Ceux qui suivent ce blog régulièrement connaissent déjà Vinland Saga de Makoto Yukimura, une des deux seules séries manga que je suive au rythme de leurs sorties. J’ai une incroyable sympathie pour celle publiée par Kurokawa, qui arrive toujours à surprendre le lecteur. Un mangaka qui se renouvelle sur la longueur mérite qu’on le défende. Surtout quand en plus il vous offre une plongée dans la culture viking.

Vinland Saga: Fuir un monde dont vous ne voulez pas.

Thorfinn, Leiff et le reste de l’équipage se préparent à partir pour la lointaine Grèce afin de réunir les fonds nécessaires à leur périple pour le Vinland. Mais le départ doit se précipiter. Les vikings accueillent à leur bord Gudrid, la jeune femme qui devait épouser le fils du financier de leur voyage. Ayant blessé son mari, elle n’a plus d’avenir sur l’île qui l’accueillait. Et Thorfinn voit en elle une personne à protéger, même si cela implique d’avoir des poursuivants. De toute façon, le vrai danger viendra sur le chemin. Issu du passé de Thorfinn.

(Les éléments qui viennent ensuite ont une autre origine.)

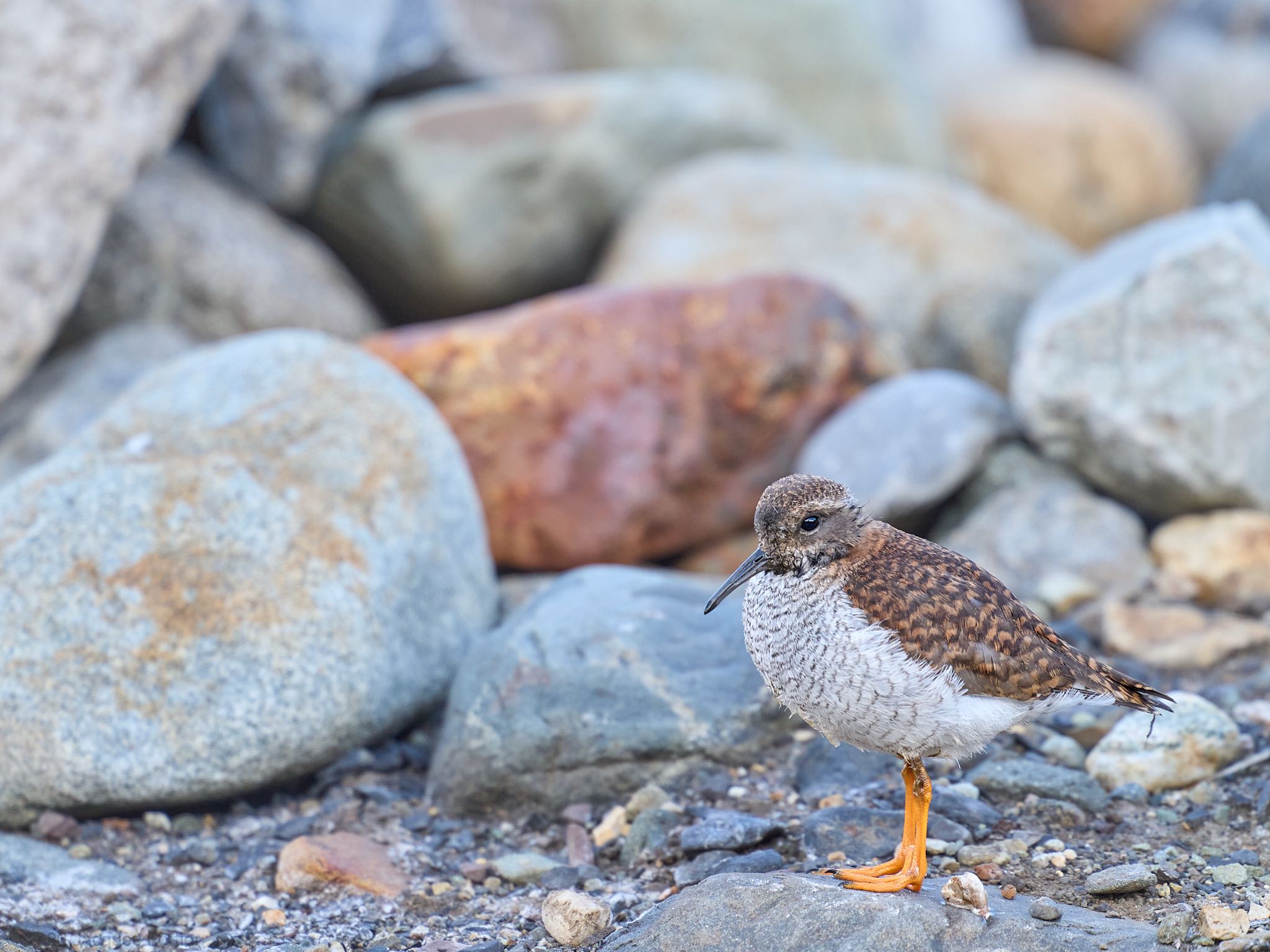 JP gave me a few hints about their typical habitat, and he had a good idea of where to start looking, so it only took us about 20 minutes to track down the adults. They’re easiest to spot if they’re in motion. If not, their bright orange legs are a good clue. And if those are hidden you’re just going to have to look at every rock until one of them transforms into a shorebird.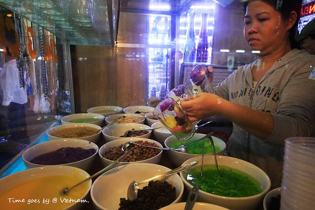 芽庄夜市就在我们住的Nice Swan对面,夜市入口处有家摊档卖杂锦冰,所有的配料各挖一勺,加上椰汁和沙冰。看着好像很恶心,但是所有东西混在一起口感很Q弹,味道也是我喜欢。在芽庄的2天,喝了3杯~

Makoto Yukimura ou le vrai sens de la paix.

N’allez pas croire qu’un manga sur les vikings sera sanglant, avec pillages toutes les dix pages. Vinland Saga a été cela. Mais Makoto Yukimura  a voulu aller plus loin. Les scènes de combats ne durent plus que quelques pages et viennent surtout préparer la trame narrative principale. Elles sont prétextes à discussions, a échanges. Thorfinn chemine autant par l’esprit que par la mer. Un échange avec Gudrid autour de ce que peut être la justice et la paix dans la culture viking s’avère particulièrement éclairant. Avec une projection aisée vers nos sociétés modernes et les débats sur la peine de mort. Une société peut elle prétendre à être juste quand elle tue ceux qui tuent? Franquin avait trouvé la réponse à cette question dans Idées Noires.

Débats, réflexions, et aussi lourdeur du quotidien qui vient apporter un peu de légèreté à cette histoire très cérébrale. Le bébé de la couverture et le personnage de Gudrid viennent apporter cette touche. Makoto Yukimura aime mettre en scène ces moments banals et parfois ridicules. Quitte à appliquer ce traitement à son héros dans de banales scènes de siestes infantiles

Un dessin que vous ne pourrez pas rejeter.

Comment ne pas aimer le dessin de Makoto Yukimura? A partir du moment où on aime le manga? Avec ses assistants, il propose des pages fortes, composées avec un sens du rythme qui guide vraiment notre lecture. Les cases de combat, car il y en a quelques unes, son toujours aussi impressionnante par la puissance qu’elles dégagent. Mais regardez de près les cases de dialogues. Et admirez comment chaque plan est travaillé, contrairement aux habitudes du genre. Et comme le scénario le permet, les cases comiques typiques du manga prennent plus de place. Mais sans que ça ne vienne perturber la lecture. Il y a de l’authenticité dans ces cases qui nous les rendent acceptables.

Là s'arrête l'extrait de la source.